Segment Start: Material supplied

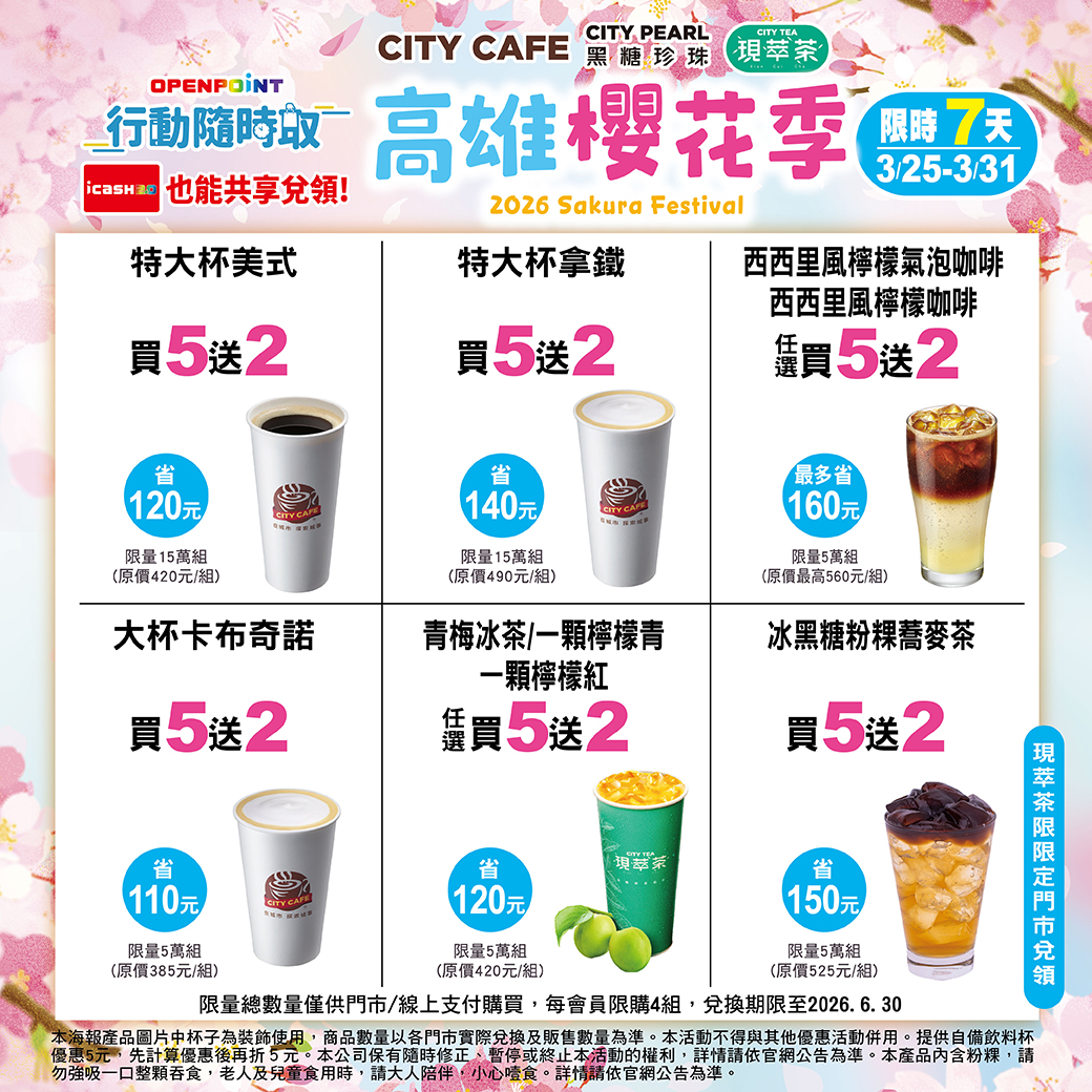 特大杯拿鐵買5送2,省140元。
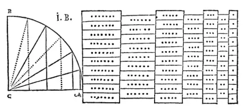 - ↑ Bürgi a nommé lui-même Kunstweg ou Artificium son algorithme. En allemand, Kunst signifie art dans le sens de travail bien fait et Weg chemin. Ainsi Kunstweg pourrait se traduire par démarche artistique ou démarche heuristique.
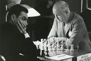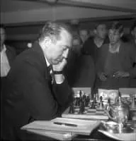Miguel Najdorf was a Polish–Argentinian chess grandmaster. Originally from Poland, he was in Argentina when World War II began in 1939, and he stayed and settled there. He was a leading world player in the 1940s and 1950s, and is also known for the Najdorf Variation, one of the most popular chess openings.
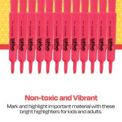 Mark up your notes in style with School Smart neon pink highlighters. Our tank highlighters are comfortable to hold and have a broad line tip for more highlighting options. Students, teachers, and office professionals love the easy-to-hold large barrel. The chisel tip highlighters allow for wide or fine highlighting while the see-through ink is bright and noticeable.Features
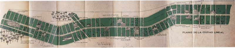 c) Los barrios o «ciudades» jardín, se concibieron en principio como zonas de residencia obrera y de clase media, a partir de un urbanismo «utópico» que quería recrear la vida en la naturaleza con el objetivo de buscar la felicidad de los residentes.En España hubo varias experiencias en distintas ciudades que tuvieron un éxito desigual, pero el ejemplo más desarrollado fue el de la Ciudad Lineal de Arturo Soria, en Madrid, que se articulaba en torno a una gran calle que contenía todos los servicios básicos, flanqueada por manzanas formadas por casas unifamiliares. Aunque la idea era rodear toda la periferia madrileña, sólo llegó a construirse el sector noreste. Actualmente, debido a la integración en el casco urbano de Madrid y la revalorización del suelo, las casas unifamiliares han ido siendo sustituidas por construcciones en altura y zonas comerciales.

Segment End: Material supplied

▶ **Task statement**
Return only the lines running from the top of the data to the line that holds "- ↑ Bürgi a". Include both of those lines, but skip the pictures.

▶ **Result of the exercise**
 特大杯拿鐵買5送2,省140元。
 - ↑ Bürgi a nommé lui-même Kunstweg ou Artificium son algorithme. En allemand, Kunst signifie art dans le sens de travail bien fait et Weg chemin. Ainsi Kunstweg pourrait se traduire par démarche artistique ou démarche heuristique.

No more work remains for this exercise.